▸ Goal of the exercise
Keep the pictures out, and restate the listing that follows exactly as written.

▸ Data
-- Opening Marker --
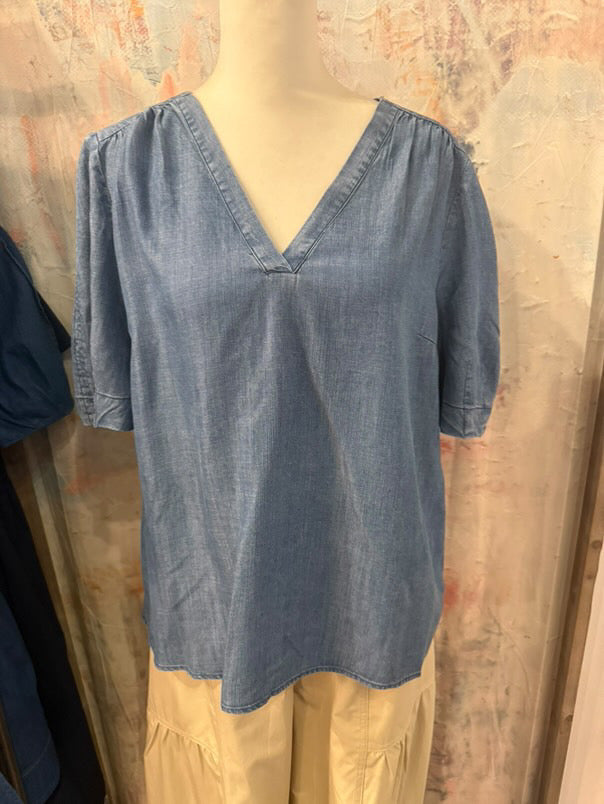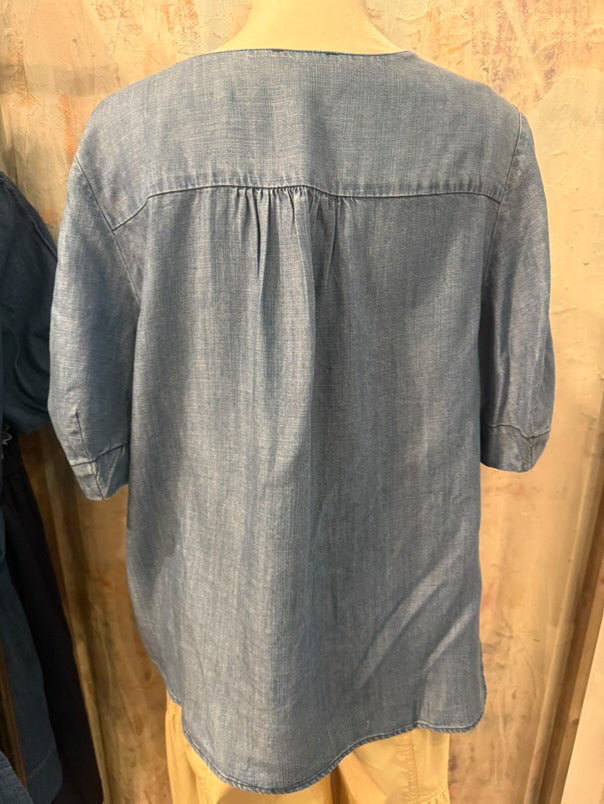 The Chambray Short Sleeve Blouse combines comfort and versatility, crafted from lightweight chambray fabric. This blouse is ideal for warm climates, offering breathability and a relaxed fit. Its short sleeves enhance ease of movement, making it suitable for both casual and semi-formal settings.
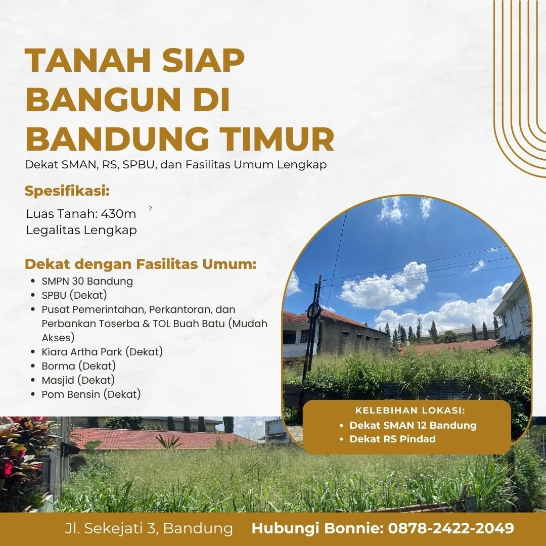 aggas liee 0 Posted 21 jam yg lalu. "Klik https://wa.me/6287824222049, tanah strategis Bandung, tanah dekat SMAN 12 Bandung, tanah dekat SMPN 30 Bandung, lahan siap bangun Bandung Timur, tanah SHM Kiaracondong. Tanah ini berada di kawasan pendidikan dan hunian aktif di Bandung Timur. Lokasi seperti ini paling dicari untuk rumah tinggal, kos-kosan, dan investasi karena permintaan selalu ada. Cocok untuk pembeli yang ingin aset aman, jelas, dan mudah dikembangkan. Keunggulan Utama - Lokasi strategis dekat SMAN 12 Bandung - Dekat SMPN 30 Bandung - Lingkungan pendidikan dan hunian - Area padat aktivitas dan berpenghuni - Dekat RS Pindad - Dekat Kiara Artha Park - Dekat Borma dan pusat belanja - Dekat masjid dan fasilitas umum - Akses mudah ke Jalan Soekarno Hatta - Akses cepat menuju Tol Buah Batu Spesifikasi Lahan - Luas tanah 430 meter persegi - Dimensi lahan ideal untuk bangunan - Akses jalan baik dan mudah - Kondisi lahan siap bangun - Dokumen lengkap dan aman Lokasi Jalan Sekejati III, Kelurahan Sukapura, Kecamatan Kiaracondong, Kota Bandung. - Area sekolah selalu dicari untuk hunian dan kos - Risiko rendah, nilai cenderung naik - Cocok untuk end-user dan investor - Unit terbatas di kawasan ini Hubungi sekarang! Whatsapp: 0878-2422-2049 (P. Bonnie) #TanahSiapBangunDekatBormaBandung, #TanahSiapBangunDekatMasjidBandung, #TanahSiapBangunDekatPomBensinBandung, #TanahSiapBangunDekatPerkantoranBandung, #TanahSiapBangunDekatPabrikBandung, #TanahSiapBangunDekatMallBandung, #TanahSiapBangunDekatSMAN8Bandung, #TanahSiapBangunDekatSMPN50Bandung TanahSiapBangunDekatBormaBandung, TanahSiapBangunDekatMasjidBandung, TanahSiapBangunDekatPomBensinBandung, TanahSiapBangunDekatPerkantoranBandung, TanahSiapBangunDekatPabrikBandung, TanahSiapBangunDekatMallBandung, TanahSiapBangunDekatSMAN8Bandung, TanahSiapBangunDekatSMPN50Bandung" Quote Share this post Link to post Share on other sites
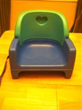 Fisher Price booster seat with removeable back. Attaches to the chair. Doesn't use lap strap so it's for a child who needs a little extra boost without the "baby" look of the other type
-- Closing Marker --
▸ Reply to the exercise
 The Chambray Short Sleeve Blouse combines comfort and versatility, crafted from lightweight chambray fabric. This blouse is ideal for warm climates, offering breathability and a relaxed fit. Its short sleeves enhance ease of movement, making it suitable for both casual and semi-formal settings.
 aggas liee 0 Posted 21 jam yg lalu. "Klik https://wa.me/6287824222049, tanah strategis Bandung, tanah dekat SMAN 12 Bandung, tanah dekat SMPN 30 Bandung, lahan siap bangun Bandung Timur, tanah SHM Kiaracondong. Tanah ini berada di kawasan pendidikan dan hunian aktif di Bandung Timur. Lokasi seperti ini paling dicari untuk rumah tinggal, kos-kosan, dan investasi karena permintaan selalu ada. Cocok untuk pembeli yang ingin aset aman, jelas, dan mudah dikembangkan. Keunggulan Utama - Lokasi strategis dekat SMAN 12 Bandung - Dekat SMPN 30 Bandung - Lingkungan pendidikan dan hunian - Area padat aktivitas dan berpenghuni - Dekat RS Pindad - Dekat Kiara Artha Park - Dekat Borma dan pusat belanja - Dekat masjid dan fasilitas umum - Akses mudah ke Jalan Soekarno Hatta - Akses cepat menuju Tol Buah Batu Spesifikasi Lahan - Luas tanah 430 meter persegi - Dimensi lahan ideal untuk bangunan - Akses jalan baik dan mudah - Kondisi lahan siap bangun - Dokumen lengkap dan aman Lokasi Jalan Sekejati III, Kelurahan Sukapura, Kecamatan Kiaracondong, Kota Bandung. - Area sekolah selalu dicari untuk hunian dan kos - Risiko rendah, nilai cenderung naik - Cocok untuk end-user dan investor - Unit terbatas di kawasan ini Hubungi sekarang! Whatsapp: 0878-2422-2049 (P. Bonnie) #TanahSiapBangunDekatBormaBandung, #TanahSiapBangunDekatMasjidBandung, #TanahSiapBangunDekatPomBensinBandung, #TanahSiapBangunDekatPerkantoranBandung, #TanahSiapBangunDekatPabrikBandung, #TanahSiapBangunDekatMallBandung, #TanahSiapBangunDekatSMAN8Bandung, #TanahSiapBangunDekatSMPN50Bandung TanahSiapBangunDekatBormaBandung, TanahSiapBangunDekatMasjidBandung, TanahSiapBangunDekatPomBensinBandung, TanahSiapBangunDekatPerkantoranBandung, TanahSiapBangunDekatPabrikBandung, TanahSiapBangunDekatMallBandung, TanahSiapBangunDekatSMAN8Bandung, TanahSiapBangunDekatSMPN50Bandung" Quote Share this post Link to post Share on other sites
 Fisher Price booster seat with removeable back. Attaches to the chair. Doesn't use lap strap so it's for a child who needs a little extra boost without the "baby" look of the other type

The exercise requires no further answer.